Naira Tumbles as ‘Unclean Money’ Floods Black Market
The forces of supply and supply that determine spot rates across the foreign exchange markets were altered by a visible hand after the Central Bank of Nigeria (CBN) announced a plan to redesign N200, N500 and N1,000 notes.
In the just concluded week, the Nigerian naira depreciated as official and unofficial rates plunged to a record low, according to trading data from the FMDQ Exchange platform and Bureau de Change naira freely trades.
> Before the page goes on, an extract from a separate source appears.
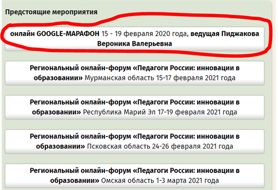 Уважаемые коллеги! С 15 по 24 февраля 2021 года дирекция Всероссийского форума "Педагоги России: инновации в образовании" проводит для педагогов дошкольного и общего образования бесплатный онлайн GOOGLE-МАРАФОН. Ведущая марафона: Пиджакова Вероника Валерьевна, директор Всероссийского форума «Педагоги России».

In the investors’ and exporters’ foreign exchange window, the exchange rate plunged to N445.50 per United States dollar, a decline of 75 kobo from the previous week’s close as manufacturers, and other importers’ demand exceed dollar inflows.
MarketForces Africa currencies tracking activities indicates that some economic saboteurs pump higher numbers of Nigerian naira that cannot pass through regulated financial services via unregulated currencies traders, thus worsening black market FX rates.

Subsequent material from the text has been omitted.